Combien de générations aryennes jouiront-elles de la paix obtenue ? Déjà, des ombres passent sur les hymnes joyeux. Çà et là, pointent des ambitions, des regrets, des jalousies, des convoitises. Les chants à Soma rappellent imprudemment les anciennes batailles, alors que le dieu, tel qu’un chef, général d’armées, allait conquérir les vaches du sacrifice, marchant à la tête de ses chars de bataille : Le dieu pontife parmi les Dévas, le plus éclairé des poètes, le plus sage des Richis, devient par la bouche d’un prêtre exalté, semblable au buffle parmi les animaux sauvages, à l’épervier parmi les oiseaux de proie, à la hache parmi les instruments de destruction. La paix est devenue lourde à quelques-uns, que les joies tranquilles impatientent. Cela est déplorable, car les prêtres, s’instruisant, curieux, commençaient à vouloir s’expliquer les manifestations évidentes de divinités douteuses, et leurs observations allaient donner au monde une nouvelle somme de vérités.
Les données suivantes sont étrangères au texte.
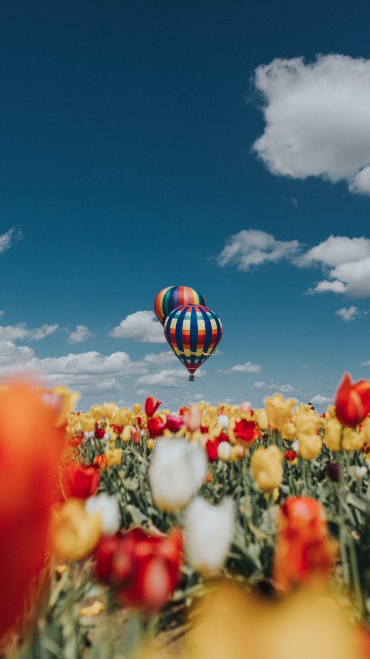 Wallpaper: balloon, tulips, blue sky - 750x1334

Qu’est-ce que Soma ? Quel est ce dieu ? Comment s’expliquent ses œuvres ? Et comment son universalité ? Soma est tout ! Pourquoi ? Comment ? Oui, Soma, le dieu Soma, résume en lui tous les principes ; il est, sous la forme liquide, Agni et Indra à la fois, c’est-à-dire le Feu, puisque la libation, qui est sa propre substance, bien que fraîche à la lèvre, fait de la chaleur, positivement. C’est par Soma que le bûcher d’Agni renaît lorsque, voyant le feu s’éteindre, le sacrificateur ranime les flammes en répandant la liqueur sainte sur le brasier. Soma, bu, rend la vigueur à l’énervé ; il guérit et protège ; il est l’ennemi du mal tortueux, de la maladie et du méchant. Le dieu créateur est aussi, et essentiellement, conservateur. Comment conserve-t-il ? Par la chaleur qu’il procure d’abord et qu’il entretient ensuite. Soma, roi du monde, sous la forme de vapeur humide, de pluie chaude, vient au sein de la plante et produit les rameaux. Son onde généreuse, extraite des plantes, passée au filtre de laine, repose dans le vase des lustrations. La chaleur fait s’évaporer l’eau terrestre ; la vapeur d’eau forme les nuages ; les nuages se résolvent en pluie, et l’eau, ainsi rendue, monte en sève dans les plantes, se solidifie. La plante, eau solide, redevient eau liquide sous les doigts agiles du prêtre qui broie les rameaux pour en extraire le suc ; la liqueur, jetée sur le foyer, s’élance vers les cieux, en flammes rouges ; bue par le prêtre, elle revient à sa lèvre en prières ardentes. Le Soma visible est un souverain qui a la fumée pour étendard ; le Soma invisible, celui qui bout dans les entrailles du prêtre après la libation, n’est pas douteux. Comment ce phénomène se produit-il ? Quelle est la cause, quelle est la loi de la fermentation ? de l’évaporation ?

Mais de rapides évènements suspendent ces fructueuses recherches, avant même que les questions, bien dégagées, n’apparaissent nettement à l’esprit, ne soient posées avec une suffisante précision.